Is a Critical Infrastructure Network the Answer to Cyber Attacks?

After a 2015 attack on a state power company and following reports that hackers are actively targeting the U.S. power grid, policy experts and researchers are actively examining the feasibility of shifting critical infrastructure off the Internet to a separate, secured network.

The efforts, in early stages, were spurred by a recommendation made in August 2017 by the National Infrastructure Advisory Council to explore the creation of separate networks for critical infrastructure to move essential operations off the Internet. The report called for “dark fiber networks for critical control of system traffic and reserved spectrum for backup communications during emergencies.” In addition, the council recommended a private-sector-led pilot of machine-to-machine information sharing so potential cyber threats could be shared and identified more readily.

The U.S. Department of Homeland Security’s warning was hard to miss: “There is a narrow and fleeting window of opportunity before a watershed, 9/11-level cyber attack to organize effectively and take bold action,” the report stated.

Deal-Breaking Complexities

Since the NIAC’s edict, there have been a variety of efforts to explore the possibility, and the idea was the focal point of discussion at a panel at the recent RSA conference. Rob Knake, a senior research scientist in cyber security and resilience at the Global Resilience Institute at Northeastern University and chair of the panel, is heading up a multi-year project to examine the policy, management, and cost concerns associated with creating a Critical Infrastructure Network (CIN) that would move control system operations off the public Internet.

The idea, Knake says, has been kicking around for a while, but there are potentially deal-breaking complexities, not to mention the question of cost.

“The Internet was set up for the purpose of connecting academic research among a closed set of universities sponsored by DARPA, but it’s grown into something that is used for everything, including critical infrastructure, and it wasn’t designed for that,” says Knake. “Those that work in the Department of Defense or the intelligence world operate on a network that is physically and logically separated from the public Internet—a classified network with technical and legal protections. The thinking is that it may make sense to apply the model to the private sector.”

At face value, the model may seem to transfer, but there are real practicalities that stand in the way, Knake says. Government networks are managed and controlled with legal backing and governance over who has access and there are penalties for misuse.

That model doesn’t easily transfer when you begin to involve the private sector, he explains. In addition, there are the financial considerations. “To stand this up and move over to it, you have the basic question of who’s going to pay for it because it’s not likely to come cheap,” Knake says. “Also, asking competitors to collaborate on the development and use of [a CIN] is a major barrier.”

Finally, one of the biggest inhibitors is that the notion of what constitutes a network has changed. Offloading critical infrastructure to a separate network is akin to a perimeter-based security model, which doesn’t fit with the modern utility infrastructure, which is moving towards microgrids. There will also be challenges related to managing the thousands of people and third-party management that will need access to the network, which introduces the possibility of insider security risks.

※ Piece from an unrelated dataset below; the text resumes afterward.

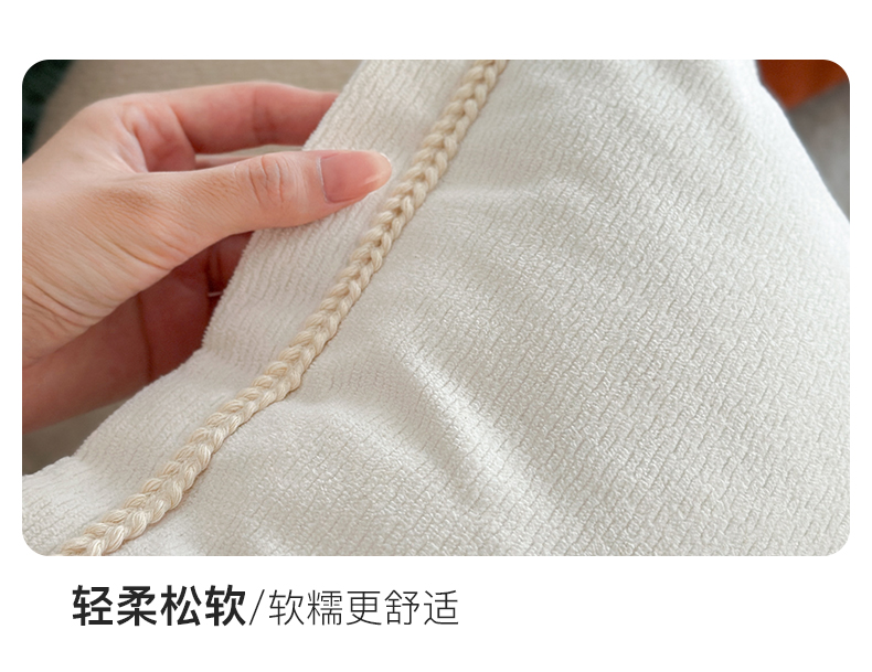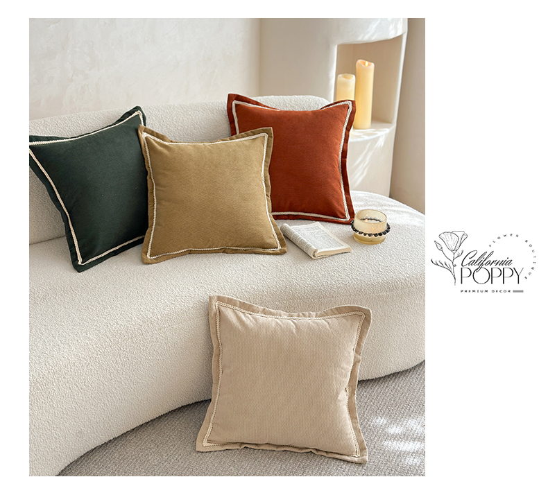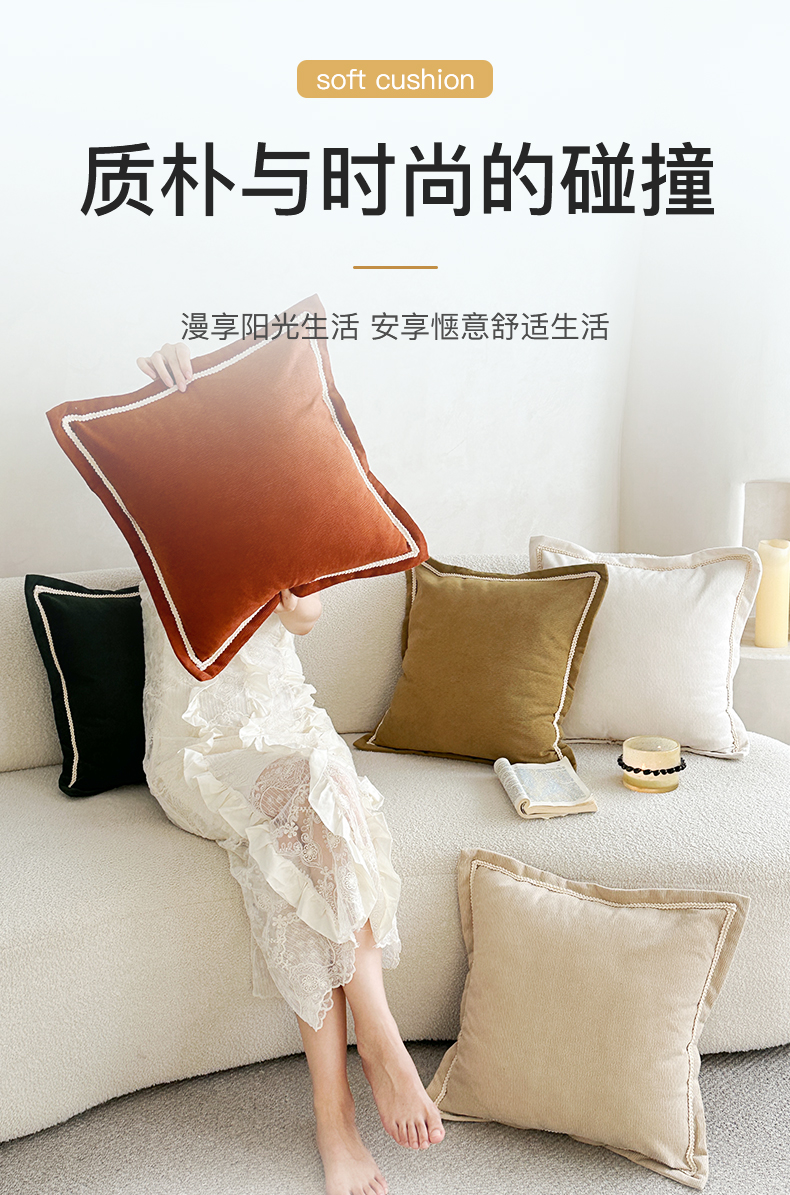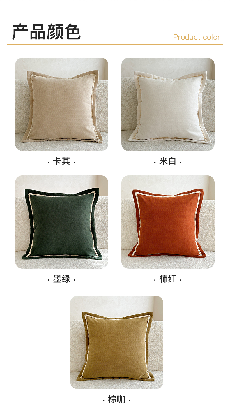 (总)美茉家居 2025新款加厚高端沙发布雪尼尔滚边方枕抱枕,缎面红,孔雀绿,南瓜橘,烟雨灰,珍珠白

“If you believe the hype at RSA, the perimeter is now dead and advanced security is all about the end points,” Knake says. “This is not an internal company network where there is a moat and castle model.”

Despite the obvious hurdles to a CIN, Knake’s group and others are moving forward with exploring the possibilities. Oakridge National Laboratory (ORNL), which is billed as the largest U.S. Department of Energy science and energy lab, has an early-stage R&D project underway to improve the nation’s critical energy infrastructure. The DarkNet project, backed by $10 million in funding, is looking at how to create a secure energy delivery control system network that uses the existing “dark fiber” of the Internet, which is the unused optical fiber. It also has a quantum physics initiative underway to develop a quantum-rooted grid security framework, which will reveal any attempt to read information in real-time, detectable changes.

“We’re looking at a proof of concept to see what it means in terms of the cost benefits,” said Peter Fuhr, distinguished scientist, director, grid security, Tech Director UAS Research Center, at ORNL, at the recent RSA panel. “The current way of doing cyber security is just not sustainable from a fiscal perspective.”

The current means of securing critical infrastructure may be under stress, but a CIN won’t fully address the primary ways critical infrastructure and industrial networks can be penetrated, notes Andrew Bochman, senior grid strategist, National & Homeland Security for the Idaho National Laboratory. Industrial networks could be infiltrated through existing business and IT systems, remote diagnostics of operational equipment, or by humans brought in for maintenance.

“Creating a CIN doesn’t erase two of the pathways—sneakerware and remote diagnostics,” he says. “Nevertheless, it’s definitely worthy of exploration.”